In case you didn’t notice, the age of genomics is upon us.
It recently occurred to me that the subject has surfaced and been explored across an extremely wide range of FSG scenario projects we’ve been working on over the last year – genetic bases in human factors, genomic testing and therapies, performance enhancement informed by ethnic (gene-based) diets, and even genetic mutations in Northeast US fish stocks, as an adaptive response to toxic chemicals.
Years ago when FSG principals were working heavily in the pharmaceutical sector the human genome had yet to be mapped and the marvels it would eventually reveal were merely speculative. We are now just beginning to grasp, if quite incompletely, how big a deal the genomics revolution is and will continue to be.
It’s mind-blowing enough to submit a saliva sample to one of the commercial DNA companies and receive a detailed report back charting your genetic haplogroup, along with a list of hundreds of DNA cousins and, optionally, how much you are at risk for having inherited some genetic disorder. All of this for as little as $79. Millions of Americans have already had their DNA tested. Inevitably, for many, there are surprises – racial and ethnic ancestries that are not part of passed-down narratives of family roots and origins. In a nation still struggling with its racial past, one can’t help but believe that these revelations are, ultimately, all for the good.

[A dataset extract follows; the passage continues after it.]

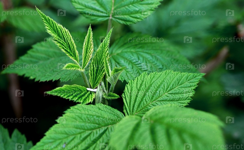 Первые молодые листья малины. Антиоксидант. Травяной чай. Крупный план новых листьев. Размытый фон
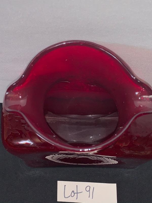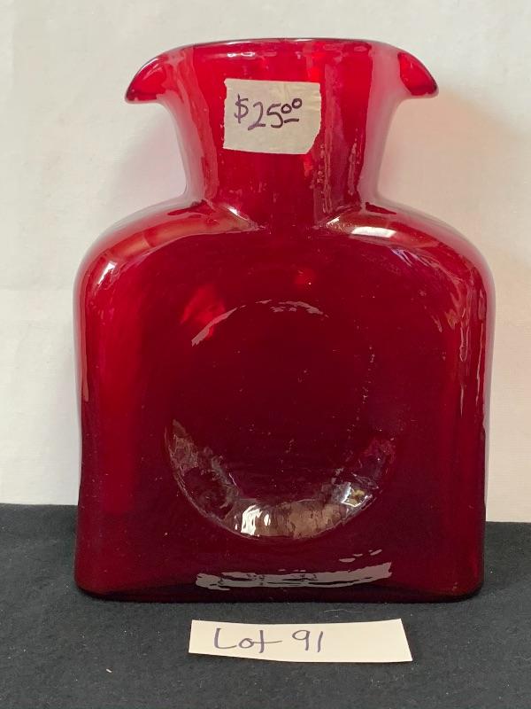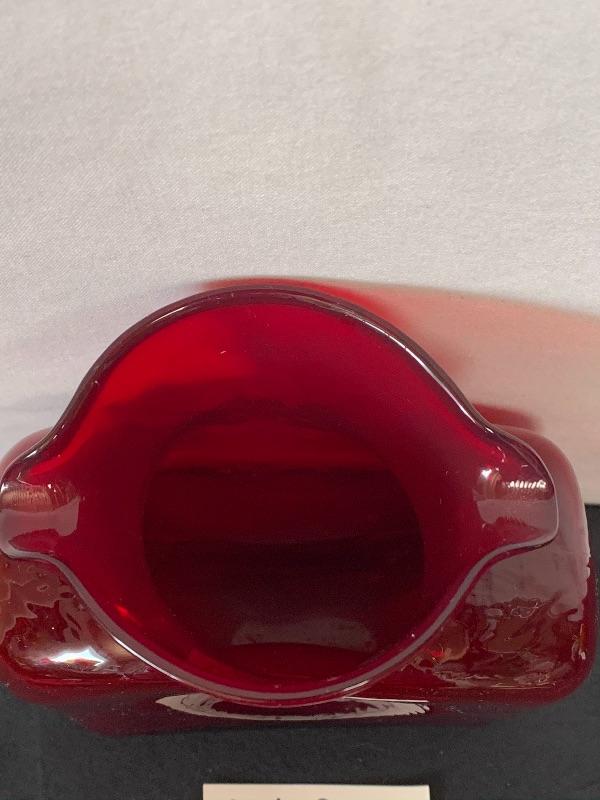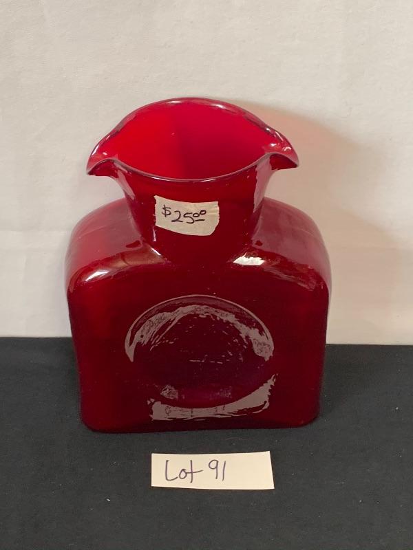 lot 91 RARE Blenko RUBY RED  Double Spouted Glass Pitcher heavy can use as vase

Meanwhile, on the commercial side, many billions of dollars are now being invested in genomic science aimed at developing life-changing and life-saving therapies. CRISPR (actually CRISPR-Cas9) and other so-called gene editing technologies are the subject of considerable hope and expectation. In fact, CRISPR is already being deployed in the fight against cystic fibrosis and Huntington’s disease. Researchers are exploring CRISPR applications for prevention and/or treatment of hemophilia and sickle cell. And there’s more. The National Institutes of Health says CRISPR “holds promise for the treatment and prevention of more complex diseases, such as cancer, heart disease, mental illness, and human immunodeficiency virus (HIV) infection.”
To be clear: These are early days still. Siddhartha Mukherjee, the Pulitzer Prize-winning oncologist and author of The Gene: An Intimate History, writes that while science now fully understands the genetic code (how, for example, the data in a single gene is used to build a protein), “we comprehend virtually nothing of the genomic code—i.e., how multiple genes spread across the human genome coordinate expression in space and time to build, maintain, and repair a human organism.”
The emerging field of epigenetics is grappling with that complexity. Epigenetics is concerned with heritable changes in gene expression that are independent of underlying DNA sequence. In genomic parlance, this is called a change in phenotype that does not involve a change in genotype. For the layperson, including this writer, epigenetics is about understanding how age, lifestyle and the environment affect gene expression. This learning will have far-reach effects on everything from medicine to athletic training to mental health and to early childhood education.
There are, of course, some very dark sides to the genomics revolution. In a truly nightmare scenario, bad actors, including nation states, could conceivably embrace genomic technologies to engineer biological weapon, including killer viruses, targeted at specific genotypes. CRISPR or future gene-editing technologies could trigger unintended and irreversible genetic consequences in subsequent generations. Some ethicists fear that what is today somewhat antiseptically called ‘gene management’ (including preimplantation genetic diagnosis or PGD) is a moral minefield that leads inexorably into the dark abyss of eugenics.
What’s troubling – at least from the outside – is that like many other technological disruptions of the present era, the genomics revolution is so highly technical and complex that ethicists and regulators may not be able to comprehend – let alone affect – developments coming out of labs until they are practically out in the marketplace. The scientific community itself appears to be worried, especially about gene editing and the use of human embryos in research. Last year the prestigious journal Nature published a statement calling for “substantial basic research…to check the safety, accuracy, and feasibility of genome editing as a potential clinical tool.”
Genomic Scenario Uncertainty
Needless to say, there is no chance of forcing the gene genie back into the bottle. Cheaper and more powerful genomic technologies are coming. The gold rush is on.
The scenario planning challenge is how to think in a profoundly expansive way about where all this could lead in coming decades–for good, bad and everything in between.